Task item: The copy should hold exactly the lines below from the one that contains "Strauss Deep Tissue" through the one that contains "(三)从绝对值看,中国等经济体的黄金储备仍有较大增长空间" and nothing else, so no pictures.
===== Records for this task
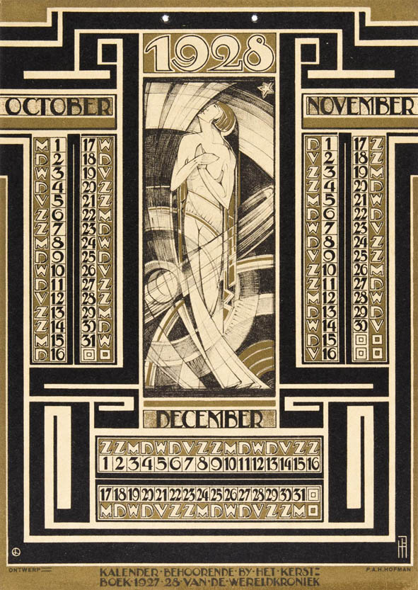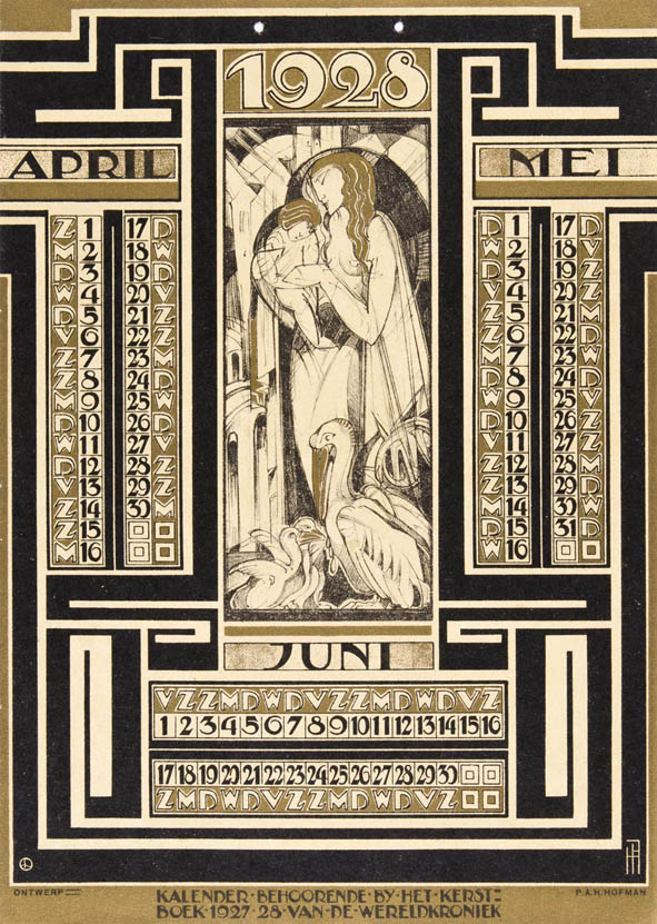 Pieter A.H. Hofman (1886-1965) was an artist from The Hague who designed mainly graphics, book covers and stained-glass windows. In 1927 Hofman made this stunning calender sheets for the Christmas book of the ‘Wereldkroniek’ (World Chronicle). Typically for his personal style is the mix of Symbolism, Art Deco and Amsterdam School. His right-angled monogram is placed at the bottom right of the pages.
==========
===== Records for this task
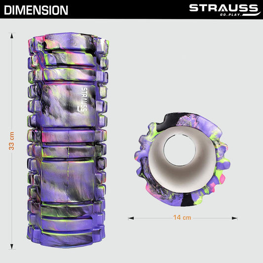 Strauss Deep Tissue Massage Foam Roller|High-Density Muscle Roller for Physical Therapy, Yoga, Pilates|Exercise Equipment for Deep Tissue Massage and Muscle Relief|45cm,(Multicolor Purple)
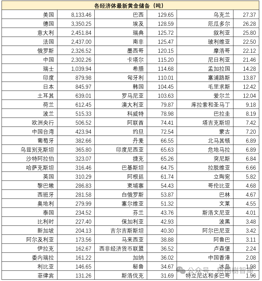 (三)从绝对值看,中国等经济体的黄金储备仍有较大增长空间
==========
===== Records for this task
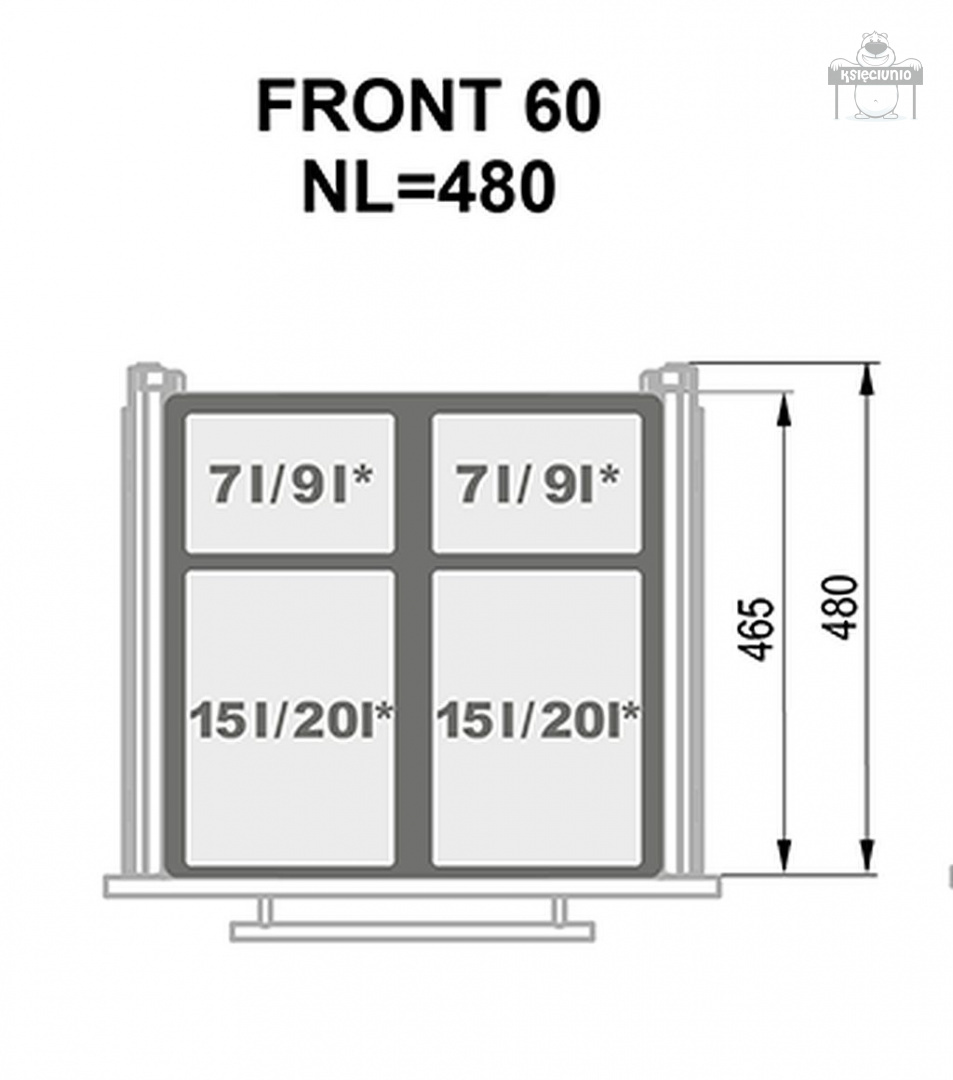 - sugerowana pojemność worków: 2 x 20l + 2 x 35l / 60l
==========
Solution to this problem:
 Strauss Deep Tissue Massage Foam Roller|High-Density Muscle Roller for Physical Therapy, Yoga, Pilates|Exercise Equipment for Deep Tissue Massage and Muscle Relief|45cm,(Multicolor Purple)
 (三)从绝对值看,中国等经济体的黄金储备仍有较大增长空间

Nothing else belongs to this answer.